117.720628 SendingPrivatized_Span ID=8fe8fb3abf0743cd Span=0000000000000000
117.720628 SendingPrivateMutation ID=8fe8fb3abf0743cd Original=code: SetValue param1: \xff/serverKeys/\xe9\x1fc,dr\xcf\xec?3\\8\xab\x82\xe6\x13/0000000002zu param2:  Privatized=code: SetValue param1: \xff\xff/serverKeys/\xe9\x1fc,dr\xcf\xec?3\\8\xab\x82\xe6\x13/0000000002zu param2:  Server=eccf72642c631fe9 TagKey=\xff/serverTag/\xe9\x1fc,dr\xcf\xec?3\\8\xab\x82\xe6\x13 Tag=0:0
117.720628 SendingPrivatized_Span ID=8fe8fb3abf0743cd Span=0000000000000000
117.720628 SendingPrivateMutation ID=8fe8fb3abf0743cd Original=code: SetValue param1: \xff/serverKeys/\xe9\x1fc,dr\xcf\xec?3\\8\xab\x82\xe6\x13/\xff\xff param2:  Privatized=code: SetValue param1: \xff\xff/serverKeys/\xe9\x1fc,dr\xcf\xec?3\\8\xab\x82\xe6\x13/\xff\xff param2:  Server=eccf72642c631fe9 TagKey=\xff/serverTag/\xe9\x1fc,dr\xcf\xec?3\\8\xab\x82\xe6\x13 Tag=0:0

More instrumentation confirmed the transaction committed: 117.921585 MKIRDone ID=c5bcfd554ae74b5a ReadVersion=181974393 CommitVersion=182968702 Range=Begin:0000000002zuEnd:\\xff\\xff and SS applied this mutation: 119.844811 SSPrivateMutation ID=eccf72642c631fe9 Mutation=code: SetValue param1: \xff\xff/serverKeys/\xe9\x1fc,dr\xcf\xec?3\\8\xab\x82\xe6\x13/0000000002zu param2: Version=182968702.

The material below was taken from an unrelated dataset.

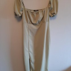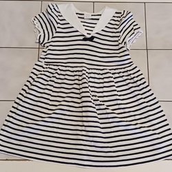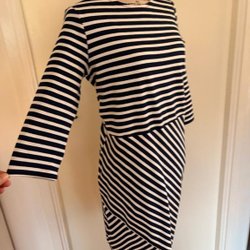 Klänning med kort ärm och rund halsringning. Klänningen har ett grafiskt mönster i svart på en ljus botten.
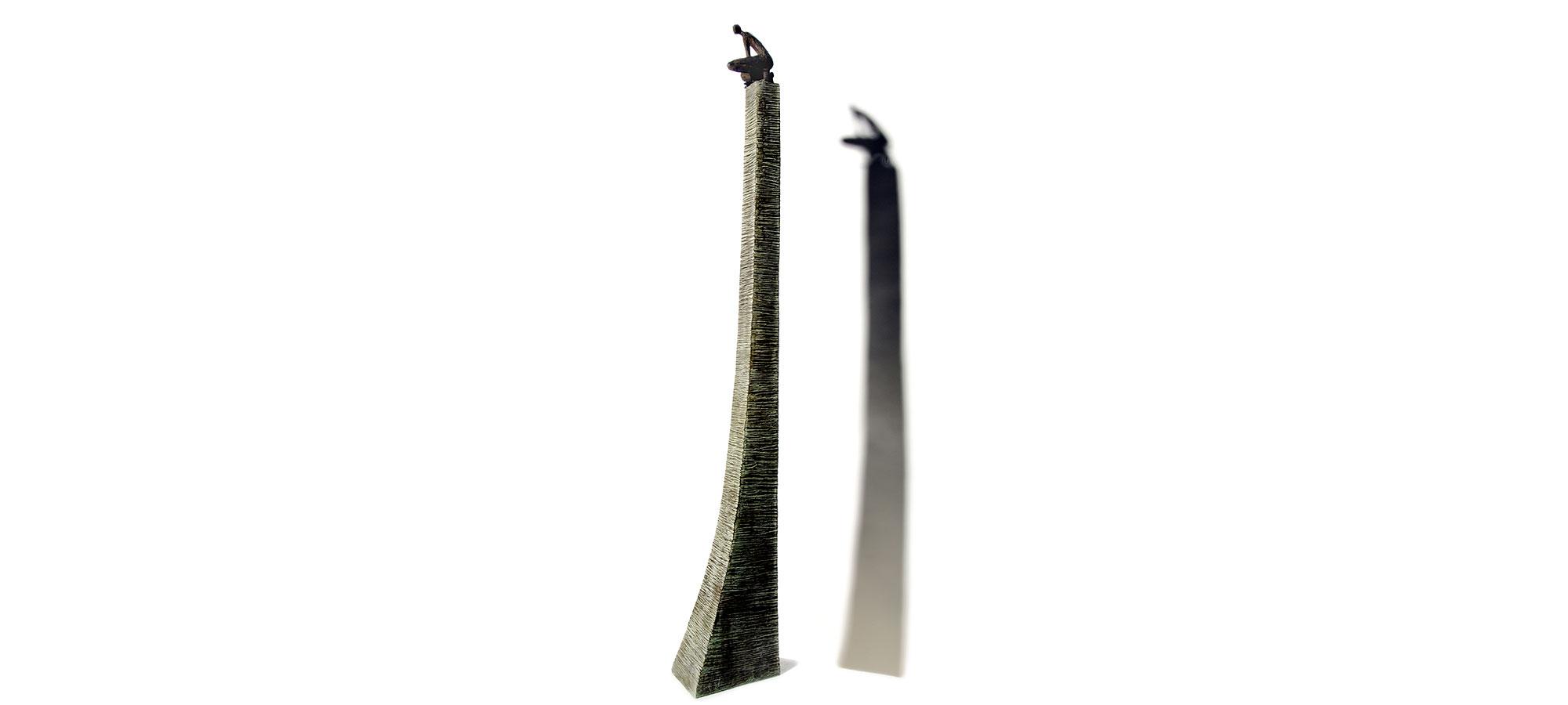 Crouching man on high square pedestal (L22.5xH124xP16.3 cm) – bronze 2005

Shard has been moved to DESTs 0:1,1:1. And next MoveKey lock write is sent to SS 0:1, so CP tags the mutation correctly:

"117.722621" DateTime="2021-11-10T18:34:37Z" Type="MutationTracking" Machine="2.0.1.2:1" ID="84ae49626c5ed171" Label="MoveKey" At="ProxyCommit" Version="182968702" Mutation="code: SetValue param1: \xff/moveKeysLock/Write param2: \\\xf0\x05t\xd23\x0c\xbb\xb3\xfe'\xd3\x97\xad\x15g" To="0:1,1:1"

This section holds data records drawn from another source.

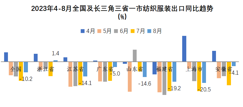 8月,在人民币兑美元汇率贬值和去年同期低基数因素的作用下,除山东下降14.6%降幅扩大外,其他主要省市纺织服装出口降幅缩小8至18个百分点。其中,浙江逆势增长1.4%,和上月(-13.8%)相比恢复15个百分点,江苏、广东、福建、上海和安徽分别下降14.1%、5%、19.2%、20.5%和4.1%。1-8月,全国31个省(市、区,不含港、澳、台)中有10个省保持增长,其中新疆(38%)、广西(78%)、四川(24%)、黑龙江(53%)、贵州(57%)增幅较大。排名前六的重点地区中浙江、江苏、广东、山东、福建和上海分别下降6.8%、18.3%、13.7%、10.9%、21.3%和15.5%,降幅较上月略有缩小。
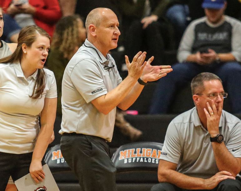 Headline photo: Milligan women’s basketball head coach, Rich Aubrey, on the sideline at a game. Photo from the Milligan women’s basketball Twitter account, @MilliganWBB.
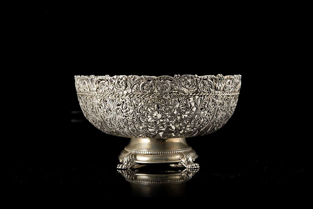 Alzata in argento di forma circolare con corpo traforato e sbalzato a motivi floreali ed architettonici; base liscia perlinata con quattro piedi ferini ad attacco fogliato. Milano, met‡ sec. XX. Argentiere Messulam (d. cm 23x h. 12 ca) (gr 1080 ca.) (difetti) A silver centrepiece. Milan, mid 20th century. Silversmith Messulam (d. cm 23x h. cm 12) (gr 1080 ca.) (defects)
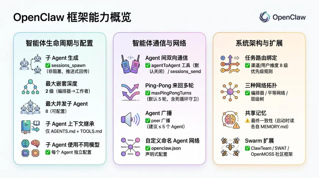 OpenClaw 把多智能体当成系统级能力来设计,有更完整的拓扑、路由和通信机制 -
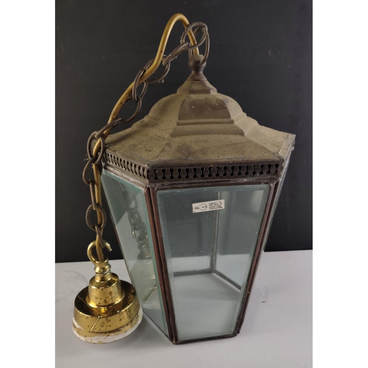 A modern pendant hanging lamp with patina stands 30cm approx, exc. chains.
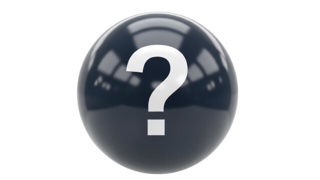 Shiny dark blue sphere with question mark isolated PNG, glossy ball with reflection on transparent background, uncertainty and mystery concept
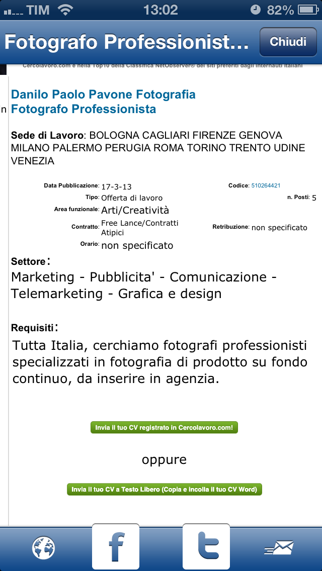 Premendo su un risultato accederemo alla pagina relativa all’offerta, con i dettagli della stessa. Potremo condividerla tramite Facebook o Twitter, così come visualizzarla via Safari Mobile e rispondere all’offerta con il nostro stesso smartphone.
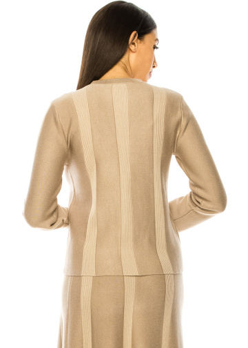 This beige sweater with light stripes of lurex adds a touch of elegance to its classic design. Its neutral color scheme makes it a versatile choice for any occasion. The comfortable fit and soft knit texture make it perfect for everyday wear. You can style it with almost anything for a chic and sophisticated look. Complete the outfit with the matching skirt for a coordinated ensemble.
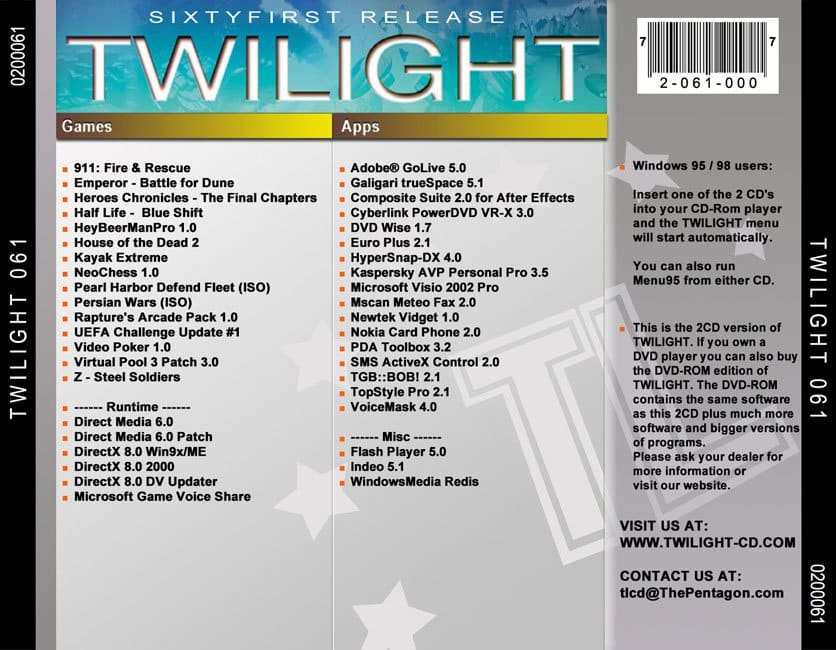 Goh... wat was dat een spannende tijd. Dan kon je via via voor 60 gulden aan de CD komen. En dan die weer branden met je 2x speed brander van 700 gulden. Natuurlijk niks starten op je PC anders had je een buffer overflow hehehe

Another move key starts for range [0000000001z, 0000000002zu):

119.089702 RelocateShardHasDestination ID=22e7af88890c7882 PairId=3e16733cbbb3e507 KeyBegin=0000000001z KeyEnd=0000000002zu SourceServers=b0ecc74478ea7330,eccf72642c631fe9 DestinationTeam=36486523b7b50a46,c201743d86431db5 ExtraIds=[no items]
119.135619 MKIRStartMK ID=3e16733cbbb3e507 ReadVersion=182968702 VV=[{0:0,182454221}{1:1,182968702}{1:0,182454221}{0:1,182968702}{1:2,182368775} maxversion: 182968702] Range=Begin:0000000001zEnd:0000000002zu EndKey=0000000002zu

Look closely, we found that the VV has {0:0,182454221}, which has wrong version, 182454221 != 182968702, because the previous move has written to 0:0 at 182968702.

Now we have a breakthrough! The problem is the version vector: we instrumented master at version 182968702 and confirmed that tag 0:0 is not in the written tags sent from the commit proxy. So this is the problem. By examining code, we noticed the private mutation generated on the Resolver, but their tags are not sent back to commit proxies, thus their tags are not updated. The fix is in PR 5960.